I recently met a woman I’ll call Anna who lost her spouse in a terrible accident ten years ago. Although time has passed, for her it is as if it happened yesterday. Whenever she remembers, as she does every day, she can’t help but weep.

Anna wanted to tell me her story, and as she started to speak she was so overwhelmed by her pain that she could only sob. I knew that reliving the moment over and over keeps the wound open, and this is harmful physically, emotionally and spiritually. Therefore, I showed Anna a simple acupressure technique for lessening the pain. It is called EFT (Emotional Freedom Technique).

EFT is a rapid way to eradicate negative emotions. You can perform EFT, any time and anywhere when you feel out of control.

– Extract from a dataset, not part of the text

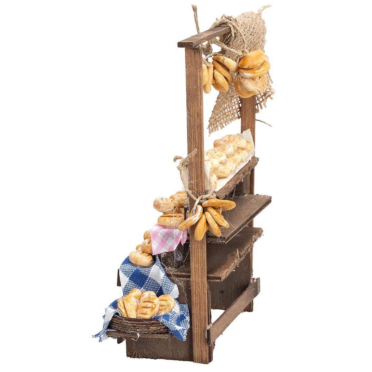 Handcrafted in Italy, it is full of miniature breads neatly arranged on the shelves, with some shapes hanging and cloths enriching the scene.

When you are feeling upset, and especially if you are crying, the body tightens, and you may experience tension in your stomach, neck or shoulders. This results in restricted breathing.

Begin by taking a deep breath to rate how distressed you are from 1 to 10. The deepest, most satisfying breath you are capable of is rated 10. Anything below an 8 indicates that you need this quick grief reduction treatment.

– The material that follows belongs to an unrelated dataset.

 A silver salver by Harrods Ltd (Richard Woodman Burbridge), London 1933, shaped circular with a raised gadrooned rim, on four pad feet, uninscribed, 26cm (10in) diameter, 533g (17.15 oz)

1. Take a deep breath. Rate the depth and pleasure of your breath from 1 to 10.

2. If your rating is 8 or less, rub or tap along the outer edge of your hand below the little finger and say this 3 times: Even though my breath is constricted, I am releasing grief and tension now.

3. Using your index and middle finger, gently tap or touch the following acupressure points for only 3 seconds while you say or think, I’m releasing this sadness.

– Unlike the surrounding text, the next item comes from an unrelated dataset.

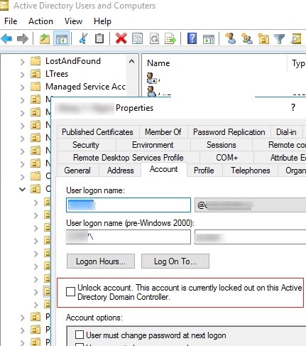 You can manually unlock an account using the ADUC console without waiting till it is unlocked automatically. Find the user account in AD (use the search option in AD snap-in), right-click, and select Properties. Go to the Account tab and check the box Unlock account. This account is currently locked out on this Active Directory Domain Controller. Click OK.

  • The inner edge of the eyebrow near the nose,
  • The outside edge of the eye socket,
  • Under the lower lid of the eye,
  • Under the nose,
  • Under the lower lip,
  • Under the collarbone,
  • On the side of the body about 4 inches under the armpit.

4. Take a deep breath and rate how satisfying it feels again.

Keep doing steps 2 and 3 until you are breathing deeply and pleasurably. You will notice that as your breathing deepens you will also feel calmer.

Since Anna could not stop crying at first, I asked her to start tapping the energy points as she told me what had happened. As she talked and tapped each point she gradually stopped crying and was able to talk clearly. By the end of her tale she was calm although still very sad. Overall she felt great relief.

Do this exercise one or more times a day to calm yourself any time you feel as if your despair is too much to bear.